There Is Only One Way to Value Property

One of the most useful reframes in the discussion was this:

Mass appraisal and fee appraisal are not different species. They are different scopes of work.

In both cases, we are attempting to estimate market value using observed market behavior. In mass appraisal, we do it at scale to distribute the levy equitably. In fee work, we do it to support lending or other transactional decisions.

But underneath? The same mechanics apply.

  • Sales data

  • Property characteristics

  • Adjustment logic

  • Model interpretation

As Keith put it:

"There's really only one way to value property. And it all starts with the data."

For assessors, that matters. Because if we concede that the underlying logic is shared, then the statistical discipline required in mass appraisal isn't optional---it's foundational.

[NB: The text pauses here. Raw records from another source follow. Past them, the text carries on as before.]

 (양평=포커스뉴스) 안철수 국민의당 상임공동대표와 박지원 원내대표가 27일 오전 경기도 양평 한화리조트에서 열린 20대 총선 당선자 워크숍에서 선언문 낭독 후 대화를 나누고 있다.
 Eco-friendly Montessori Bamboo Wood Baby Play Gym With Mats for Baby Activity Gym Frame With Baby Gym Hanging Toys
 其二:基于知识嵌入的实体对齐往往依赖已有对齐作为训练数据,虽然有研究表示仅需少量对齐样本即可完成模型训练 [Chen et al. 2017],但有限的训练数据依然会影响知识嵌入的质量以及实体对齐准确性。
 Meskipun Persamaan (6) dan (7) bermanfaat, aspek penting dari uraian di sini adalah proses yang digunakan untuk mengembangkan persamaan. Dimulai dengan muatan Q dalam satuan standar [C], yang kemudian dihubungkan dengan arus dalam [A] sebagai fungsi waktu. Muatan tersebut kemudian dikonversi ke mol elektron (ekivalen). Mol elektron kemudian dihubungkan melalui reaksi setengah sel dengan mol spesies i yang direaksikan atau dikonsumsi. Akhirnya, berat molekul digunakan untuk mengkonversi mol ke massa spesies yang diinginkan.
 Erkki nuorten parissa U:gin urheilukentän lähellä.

Correlation Is Not Understanding

Most modern modeling begins with some form of correlation matrix. We look at:

  • GLA

  • Bedrooms

  • Bathrooms

  • Age

  • Condition

  • Lot size

  • Design

  • Quality

We measure how each relates to price.

But here's the trap: correlation only tells us that variables move together. It does not tell us why.

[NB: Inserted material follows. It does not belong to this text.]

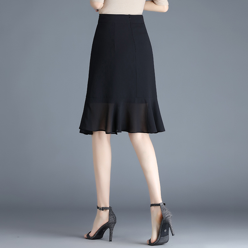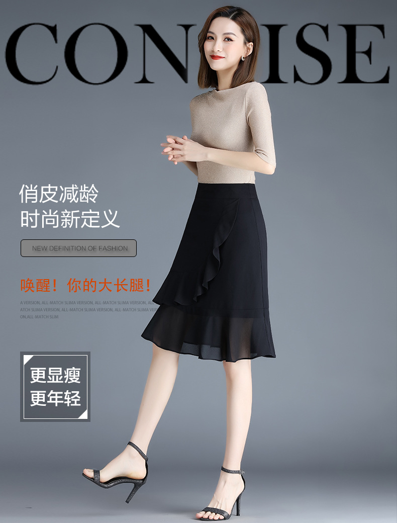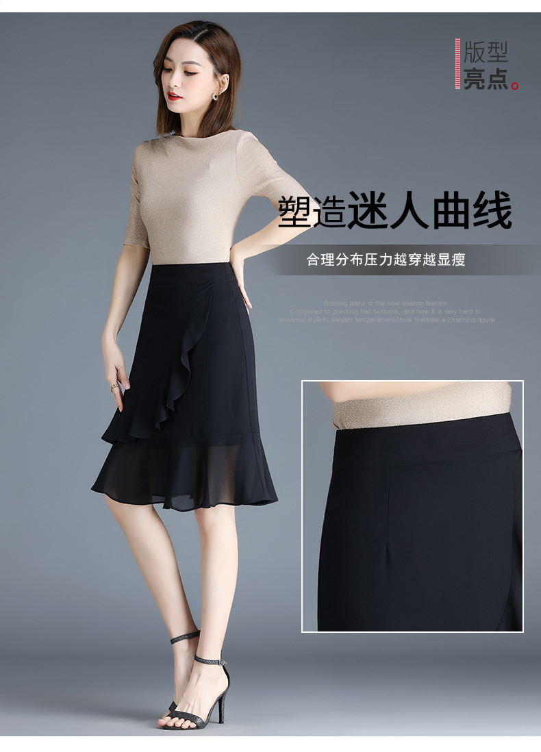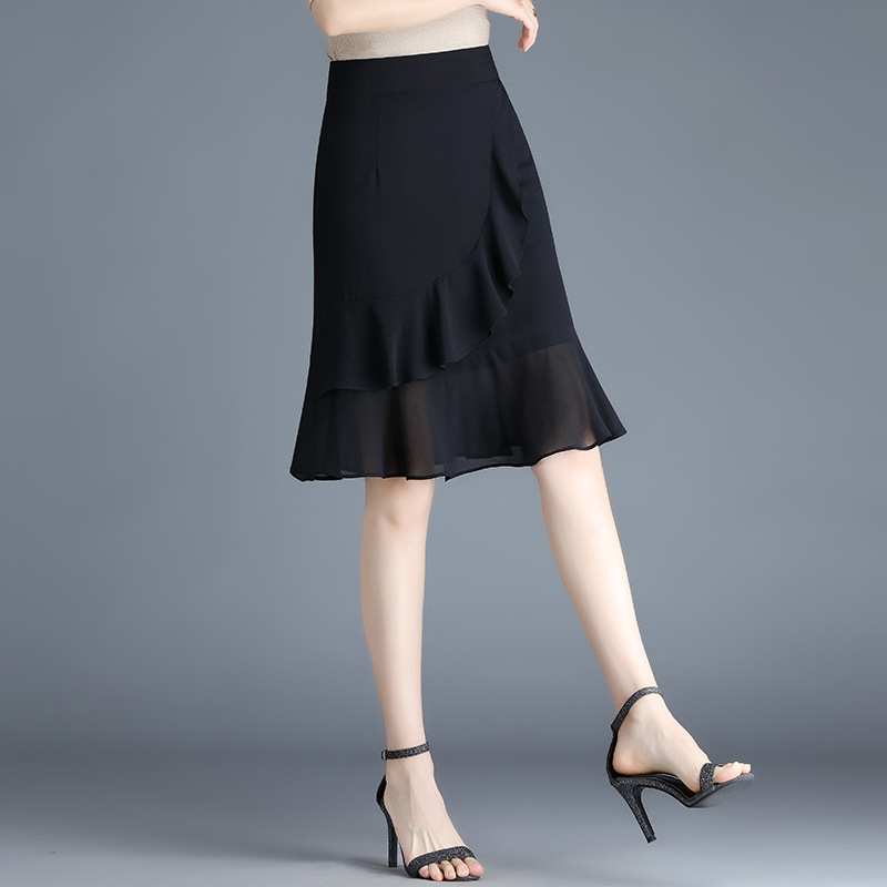 黑色雪纺短裙半身裙女夏季2022新款裙子高腰显瘦a字鱼尾裙包臀裙 AL89789

This is where multicollinearity enters the picture. Or, in the language of causal modeling: confounding.

Bedrooms, baths, and GLA are not independent actors. They are deeply intertwined. If you remove one, the influence doesn't disappear---it redistributes somewhere else in the model.

That's the "missing variable" problem.

And if we don't understand how these variables interact, we risk making adjustments that are statistically tidy but conceptually wrong.

As Keith noted:

"Statistics is one thing. Interpreting them and applying them credibly to get a reliable result is what's most important."

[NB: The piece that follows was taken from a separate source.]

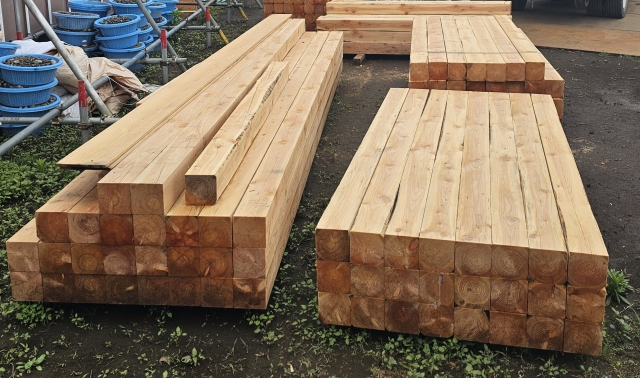 バタ角施工管理アプリ現場管理 バタ角とは?サイズ・用途・価格・他の木材との違いをわかりやすく解説|現場の基本知識 2025年11月26日 この記事をシェアする バタ角は「仮設や型枠など、現場で最も汎用性の高い角材」です。型枠や支保工などでよく使われる木材ですが、角材や2×4材との違いがあいまいなまま使っている方も少なくありません。 そこでこの記事では、バタ角の概要や他の木材との違い、さらには用途やコストについてわかりやすく解説します。また、バタ角などの資材管理を効率化する方法も紹介しているので、ぜひ参考にしてみてください。 バタ角(ばたかく)とは? 建設現場や型枠工事で日常的に使われる「バタ角」は、90〜100mm角ほどの角材を指します。杉や松などの針葉樹を原料とし、軽くて加工しやすいことから、仮設・支保工・養生など多用途に使われる基本木材です。 以下にバタ角が現場で多用されている理由を整理しました。 木の柔軟性が高く、切断・釘打ち・組立が簡単である 杉・松など国産材が多く、安定供給・価格変動が小さい 型枠や足場などで再利用できるためコスパが良い たとえば鉄筋コンクリート工事では、ベニヤ板固定用の枠組み(型枠)として、またコンクリート打設時の一時的な支え(支保工)として利用されるケースが多いです。強度・コスト・扱いやすさのバランスから、多くの工事現場で利用されています。 他の木材(角材・りんぎ・2×4材・間柱)との違い バタ角は、次のような類似の形状の木材と混同されたまま使われがちです。 木材名 主な用途 特徴 寸法の目安 バタ角 型枠・仮設・支保工 安価・再利用可・現場汎用性が高い 90角〜100角 角材 構造材(柱・梁) 建築の主要構造に使用・強度が高い 多様(45角〜120角) りんぎ (輪木) 支保工・足場 丸太状・高強度・重い 直径90〜120mm 2×4材 住宅構造材 規格寸法統一・乾燥安定・DIYにも人気 約38×89mm 間柱 壁下地・間仕切り 室内造作向き・軽量 約30×105mm 特に似ているのが、バタ角とりんぎであり、非構造用途で用いるのが特徴です。そのなかでもバタ角は、価格が安く軽量であり、仮設や補助としての役割があります。強度よりコスパ・取り回しの良さが重視されるため、価格・流通量・用途で選び分けることが重要です。 バタ角のサイズ規格と種類 建設現場で使用されるバタ角には、明確な寸法規格と木材の種類(樹種・等級)があります。 特に型枠・仮設・支保工などの作業では、サイズの違いが耐荷重や安定性に直結するため、正しい寸法理解が欠かせません。 一般的な寸法(90角・100角など) バタ角の標準サイズは、90mm角(=9cm角)または100mm角(=10cm角)が主流です。木材の流通上、この2サイズが最も多く、型枠・支保工の規格にも適しています。 実際、自治体などがまとめている「労務・資材局統一単価(建設系)」などでも、90角のバタ角が標準の単価として挙げられています。 (出典:沖縄総合事務所 開発建設部「令和7年度 労務・資材局統一単価(建設系) 」) 同様に、製材所などでも90角での提供が主流であり、標準寸法として扱われています。 (参考1:株式会社 高橋製材所「バタ角 杉桧」) (参考2:有限会社 横田材木店「バタ角 杉 国産」) なお、90角は軽量で扱いやすく、型枠の桟木や仮設養生材に多用されています。一方で100角も流通しており、強度が高く、支保工や足場下地など「荷重がかかる場面」に使用されているのが主な違いです。 市販流通材は長さ2m・3m・4mが主で、現場加工もしやすい長さで提供されています。 木材の等級と強度(JAS規格の概要) JAS(日本農林規格)では、バタ角は一般製材(押角・耳付材・まくら木等含む)に該当します。 したがって、JAS規格による強度等級(E・F等級)などの数値評価の対象外であり、その代わりとして、寸法・含水率・節・割れなどの品質基準で判断されます。 参考として以下に、バタ角の参考情報を整理しました。 項目 内容 JAS区分上の位置づけ 一般製材(下地用製材・押角に近い) 用途 型枠・支保工・仮設・養生など非構造用途 強度評価 規格上の曲げ・圧縮試験対象外(構造材ではない) 品質基準 寸法・含水率・節・割れ等で判断 注意点 長期使用では反り・割れ・強度劣化が起きるため、乾燥・保管管理が重要 参考:農林水産省「製材の日本農林規格(平成19年8月29日告示 第1083号)」 現場では「強度試験値」よりも、「乾燥状態や反り・割れの有無」を目で確認し、用途に応じて選別・管理することが重要です。 バタ角の主な用途一覧(型枠・支保工・仮設・養生など) バタ角は、建築・土木・内装など幅広い現場で「補助材・仮設材」として使用される万能木材です。特に型枠・支保工・養生・仮設など、施工の安全性や精度を支える脇役として欠かせません。 用途 使用例 型枠工事 ベニヤ型枠の補強枠・桟木・つなぎ材 支保工 コンクリート打設時の型枠支持材・支柱受け 仮設構造 足場下地・通路補強・段差スロープ 養生材 床・壁・設備保護の当て木 内装・リフォーム 下地・墨出し

For assessment offices, that distinction is everything. Because in a hearing or appeal, it's not enough to show a model output. You have to explain it.


The Problem With Smoothing

Every assessor has seen it: apply enough smoothing and your metrics improve.

Lower dispersion. Better COD. Cleaner PRD. Nicer RMSE.

But what are we actually fixing?

Keith offered a vivid analogy:

"To me, a smoothing effect is like using painter's caulk. I'm just caulking over the error so you don't see it."

That's a hard truth.

Smoothing can stabilize volatility---but it can also mask structural issues:

  • Poor variable specification

  • Hidden collinearity

  • Omitted variable bias

  • Inconsistent data formatting

From a public trust perspective, masking is not the same as correcting.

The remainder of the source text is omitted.